The third and final option, however, is highly problematic, if not completely without merit, and yet, ironically, there are strong incentives in place for policy makers to go this third route.  This third option is to use auction revenues to fund programs to subsidize emission reductions.  There is a strong incentive to do this, because of California’s legal constraint to employ any auction revenues in pursuit of the objectives of the statute, that is, reducing GHG emissions.

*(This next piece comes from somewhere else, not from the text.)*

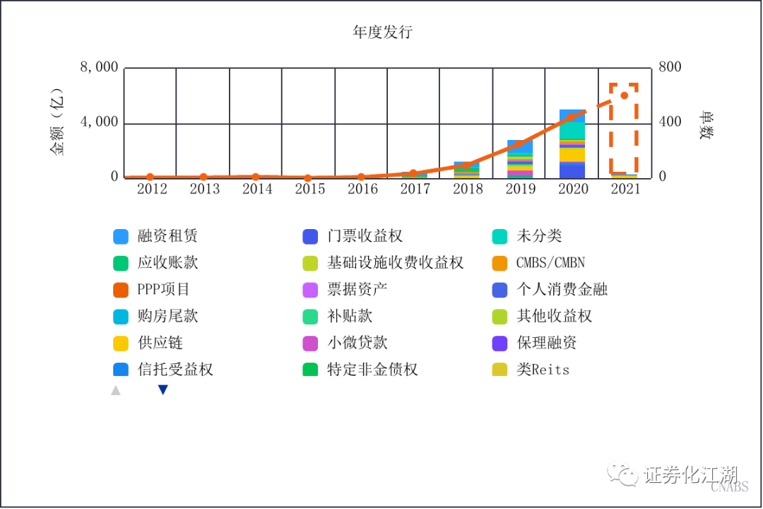 (2)信貸類ABS(RMBS、車貸clo等)、消費金融abs(尤其是螞蟻和京東生態圈)、供應鏈和應收賬款abs(尤其是房企供應鏈、央企應收應付)是承銷規模的基本盤,這幾類產品規模決定了能否沖進前五或前三榜單。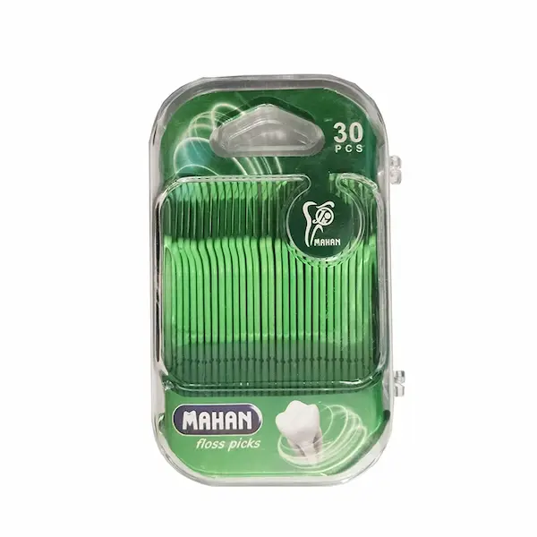 نخ دندان کمانی ماهان (Floss Picks Mahan)، برای کی خوبه؟ برای کسانی که دندانهای فشرده دارن و تنها با مسواک زدن، جرمهای بین دندانیشون از بین نمی ره. این نوع نخ دندان، دسته ارگونامیک داره که دیگه نیاز نیست مثل نخ دندانهای رولی، دور انگشت بپیچید. جنس نخی که در سرکمان هست، خیلی مقاومه و ریش ریش نمیشه. استفاده راحت داره. به عصاره نعنع آغشته شده و باعث خوشبو شدن دهان میشه.

What’s the problem?  The AB-32 cap-and-trade system will cover approximately 85% of the economy.  In other words, the vast majority of sources are under the cap.  As I have explained in detail in several previous essays at this blog, under the umbrella of a cap-and-trade mechanism, (successful) efforts to further reduce emissions of capped sources will have three consequences:  (1) allowance prices will be supressed (take a look at the hand-wringing in Europe over allowance prices in its CO2 Emissions Trading System); (2) aggregate compliance costs will be increased (cost-effectiveness is reduced because marginal abatement costs are no longer equated among all sources); and (3) nothing is accomplished for the environment, in the sense that there are no additional CO2 emissions reductions (rather, the CO2 emissions reductions are simply relocated among sources under the cap).

Economics, Policy, and Politics

As I concluded in my previous essay, the California Air Resources Board has done an impressive job in its initial design of the rules for its GHG cap-and-trade system.  Of course, there are flaws, and therefore there are areas for improvement. A major issue continues to be the mechanisms used for the initial allocation of allowances.  Because of the economics and politics of this issue, it will not go away.  But, going forward, it would be helpful if those debating this issue could demonstrate better understanding of the allowance allocation’s real – as opposed to fictitious – environmental and economic consequences.